Since the Hardware Floating-point Calling Convention doesn't refer to "aggregates" as much as it refers to "structs" I suppose it follows from your opinion about aggregates that, if the psABI is relevant, we should be looking entirely at the Integer Calling Convention? So there shouldn't be any use of floating-point registers in lowering these illegal vectors at all, no matter which ABI is used?

A struct is an aggregate. I think the FP section just happens to use more specific language, as it details the rules for the actual language constructs (structs, reals, etc) that would be impacted by the FP calling convention. But if we decided to follow the spirit of the psABI my overall reading of it is that I would expect small (<= 2×XLEN) vectors passed by value to follow the FP convention, when available.

I'm not opposed to this implementation as "something that works" and that "doesn't have to be compatible with anything" and that "solves our problems now". It's just not the ABI I would expect. It seemed to me like an unnecessary departure from convention, and that's why I didn't find it particularly appealing. But perhaps it doesn't matter? In any case, thanks for the patch and for your analysis. Let's hear from other people -- @kito-cheng @asb and others.

Thanks for all of your input and thoughts. It's great to have this discussion as this sort of stuff, as we can see, isn't something I feel comfortable asserting on by myself. I would like to hear from other people, but I should add that another reason I'm wary of treating vectors == aggregates as specified by the psABI because I don't think there's great value in passing vectors <= 2*XLEN (<8 x i8> on RV64, etc) packed into one/two register(s). We'd just have to unpack it back into individual elements with shifts and truncates/extends on the caller side anyway since the vector operations would be scalarized by most compilers.

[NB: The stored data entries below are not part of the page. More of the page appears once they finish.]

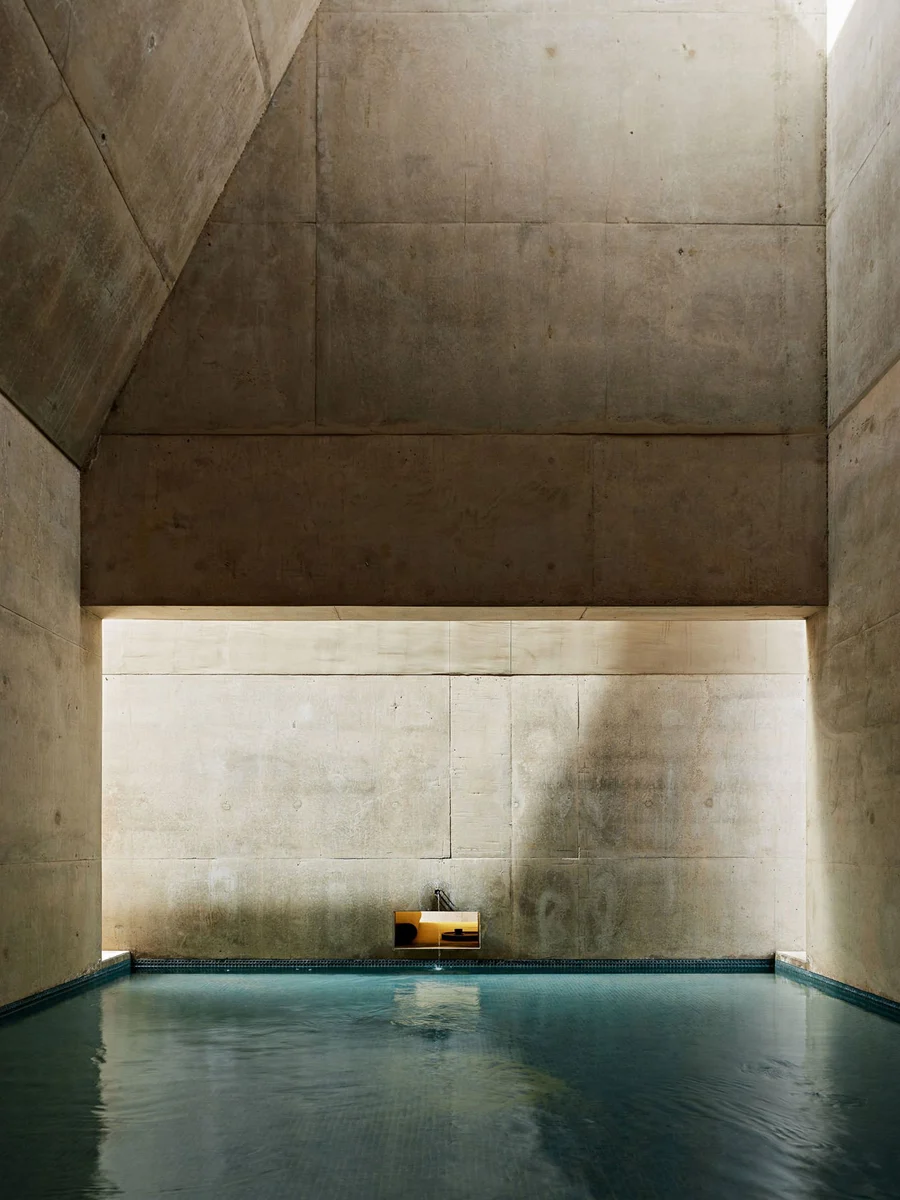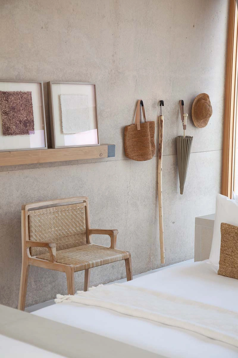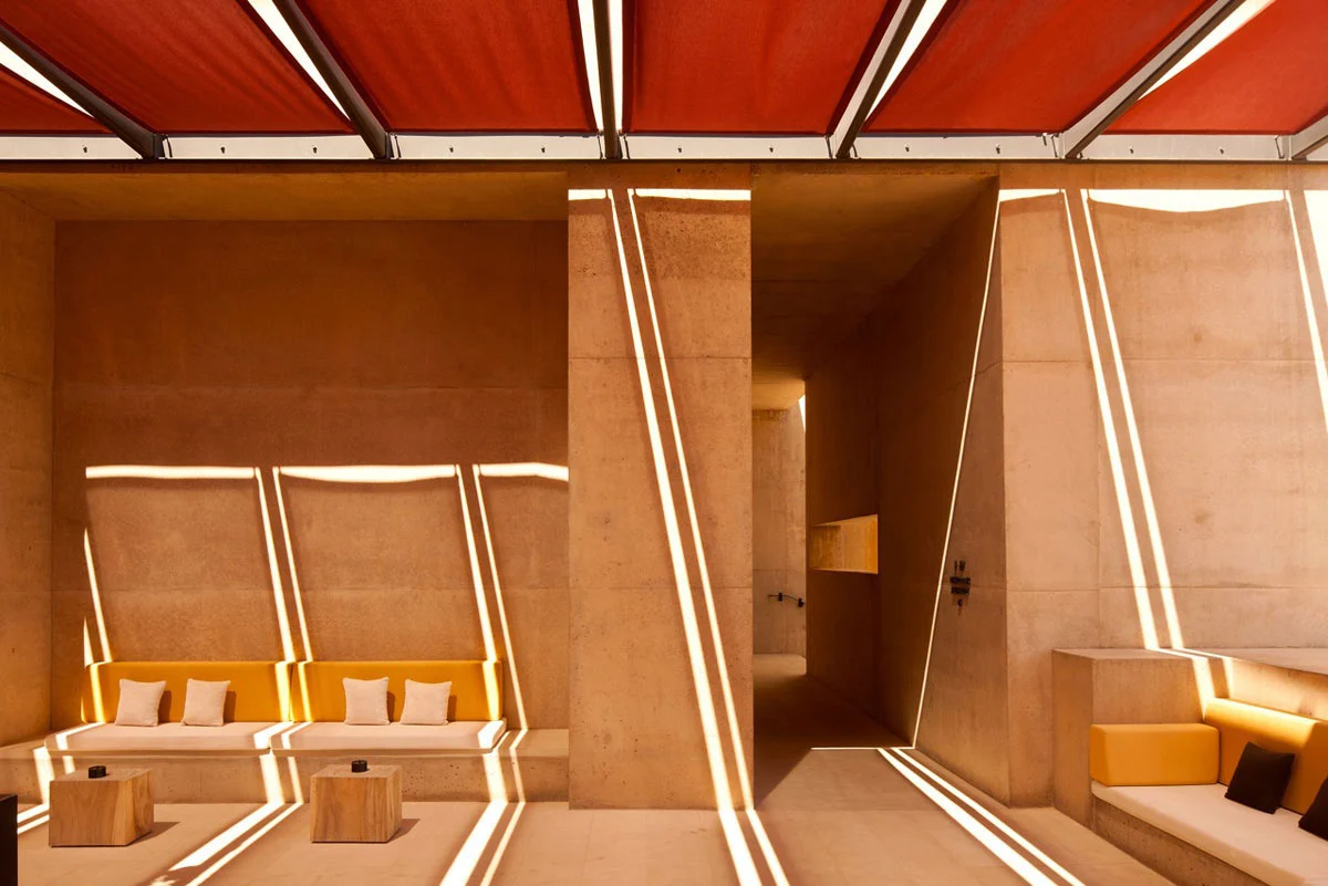 Los tonos ocres y la tierra roja del entorno desértico tienen su réplica en materiales como la piedra para los suelos, la madera de muebles y revestimientos o los múltiples elementos en hormigón visto (mezclado con áridos locales a fin de reproducir los colores neutros del valle y las montañas erosionadas). De este modo, la arquitectura se incorpora a la naturaleza como un complemento, colaborando en su exaltación en lugar de destacar sobre ella.
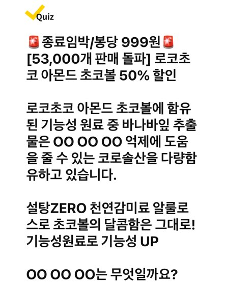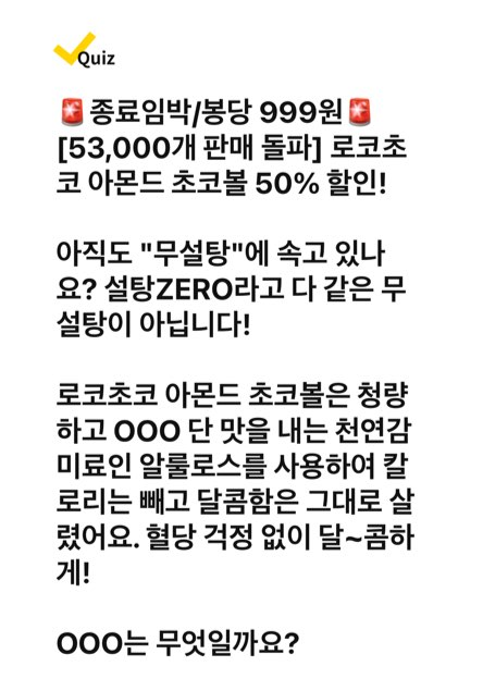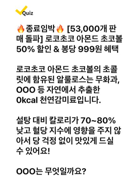 🚨종료임박/봉당 999원🚨[53,000개 판매 돌파] 로코초코 아몬드 초코볼 50% 할인! 아직도 "무설탕"에 속고 있나요? 설탕ZERO라고 다 같은 무설탕이 아닙니다! 로코초코 아몬드 초코볼은 청량하고 OOO 단 맛을 내는 천연감미료인 알룰로스를 사용하여 칼로리는 빼고 달콤함은 그대로 살렸어요. 혈당 걱정 없이 달~콤하게! OOO는 무엇일까요?
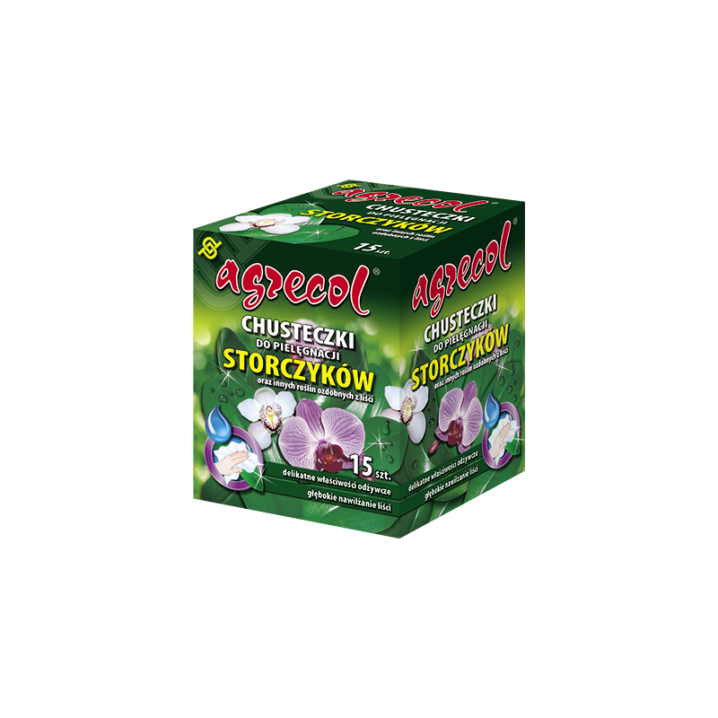 Wilgotne pielęgnacyjne chusteczki do storczyków oraz innych roślin ozdobnych z liści. Służą do regularnego czyszczenia atrakcyjnych liści storczyków. Chusteczki odpowiednio nawilżają liście, ograniczają osadzanie się kurzu i innych osadów, zapobiegają powstawaniu plam oraz delikatnie odżywiają. Do stosowania w ciągu całego roku. Chusteczki usuwają wszelkie zanieczyszczenia z liści: pyły, kurz oraz osady powstałe wskutek pryskania roślin twardą nieodstaną wodą.
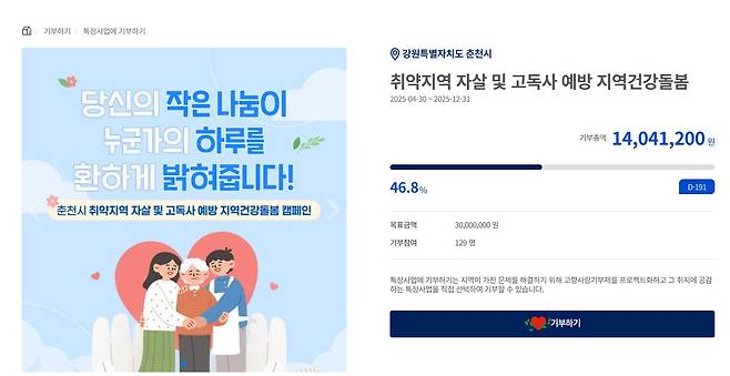 하지만 강원도 내 지자체의 지정 기부 사업은 춘천시가 모금하고 있는 '취약지역 자살 및 고독사 예방' 단 한 건뿐입니다. 지자체들이 기부 사업 발굴에 소극적이라는 지적이 나오는 대목입니다. 기부자들의 눈높이에 맞고, 지역에 꼭 필요한 지정 기부 사업을 발굴하는 것이 모금 전략에서 갈수록 중요해질 수밖에 없습니다.
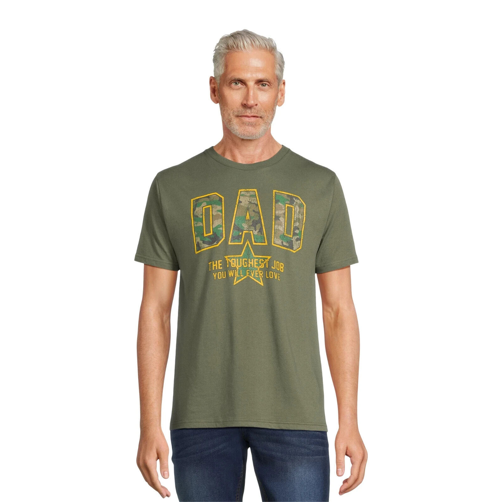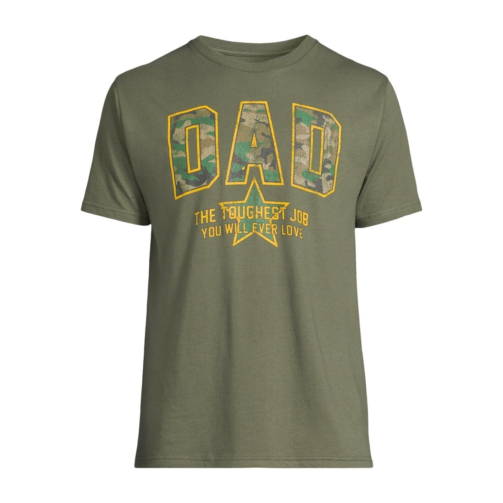 There's no mission tougher ? or more rewarding ? than being a dad. Celebrate Father?s Day in style with the Men's Military Dad Tee Shirt from Way To Celebrate! This eco-friendly soft-knit cotton blend top is designed for all-day comfort and casual wear on Father's Day and beyond. It features a bold, military-inspired front graphic print with "Dad" in camouflage lettering, and the words "The Toughest Job You'll Ever Love" below for the hero in your life. The perfect gift for any dad, easily pair this tee with jeans, pants or shorts for classic and versatile styling.
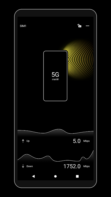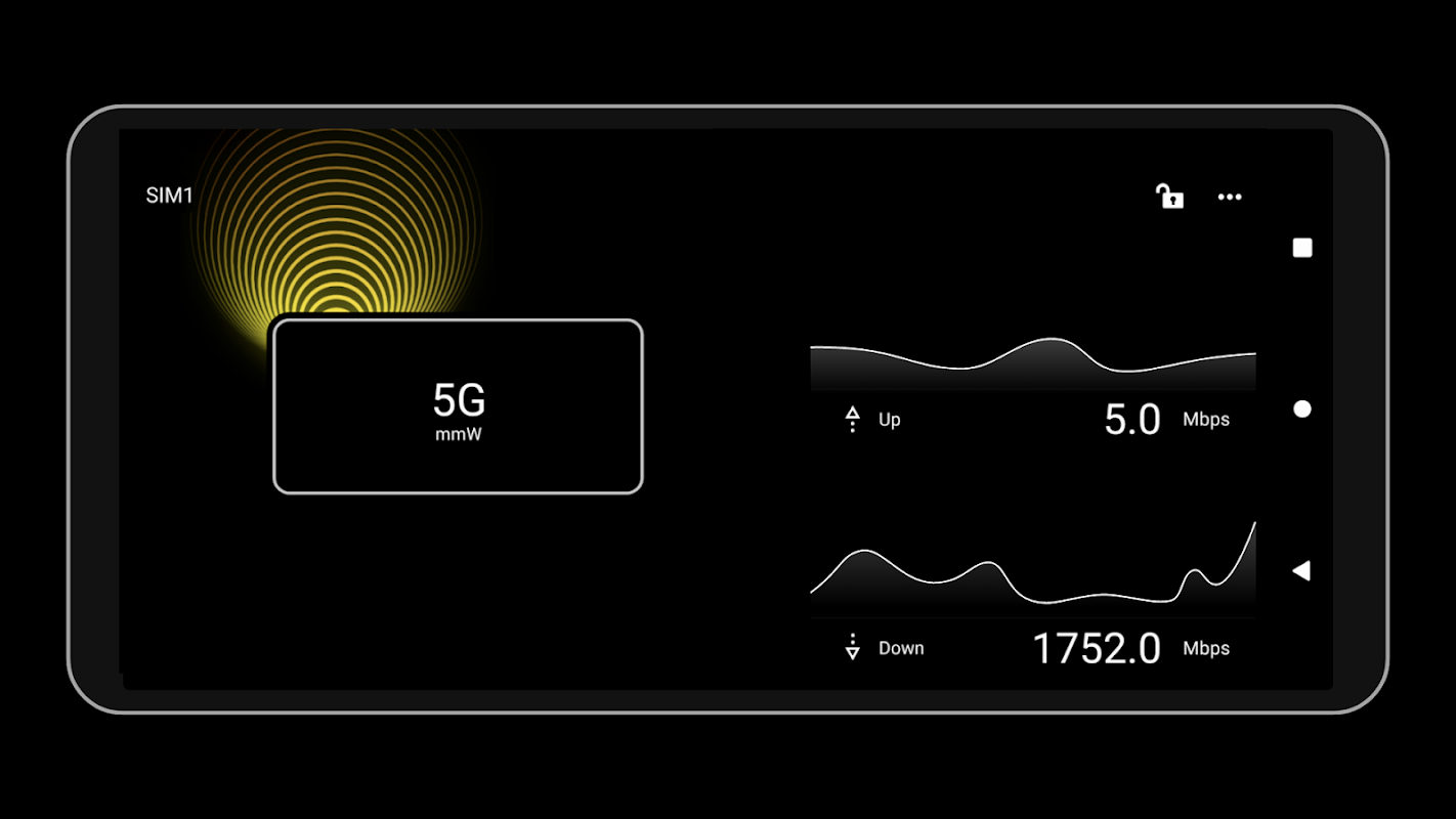 De Network Visualizer-app biedt informatie over de communicatiesnelheid, de communicatiemethode en de richting van een 5G mmWave-verbinding. U kunt de communicatiestatus visueel controleren en zien of de gegevensoverdracht is onderbroken tijdens het uploaden of downloaden.

luismarques accepted this revision.Jun 21 2021, 8:22 AM

I would like to hear from other people, but I should add that another reason I'm wary of treating vectors == aggregates as specified by the psABI because I don't think there's great value in passing vectors <= 2*XLEN (<8 x i8> on RV64, etc) packed into one/two register(s). We'd just have to unpack it back into individual elements with shifts and truncates/extends on the caller side anyway since the vector operations would be scalarized by most compilers.

You're right. That's a compelling argument. The patch LGTM.
(Feedback from other people would still be welcome).

This revision is now accepted and ready to land.Jun 21 2021, 8:22 AM

Ping @asb or @kito-cheng any thoughts on this? (see above).

Ping @asb or @kito-cheng any thoughts on this? (see above).

I think you can merge this. In the unlikely case we want to change the ABI, we can always do follow-up patches.
Thank you for the fix and the analysis!

This revision was landed with ongoing or failed builds.Thu, Jul 22, 2:04 AM
This revision was automatically updated to reflect the committed changes.

Ping @asb or @kito-cheng any thoughts on this? (see above).

I think you can merge this. In the unlikely case we want to change the ABI, we can always do follow-up patches.
Thank you for the fix and the analysis!

Yeah, fair enough. Thank you for your help and patience!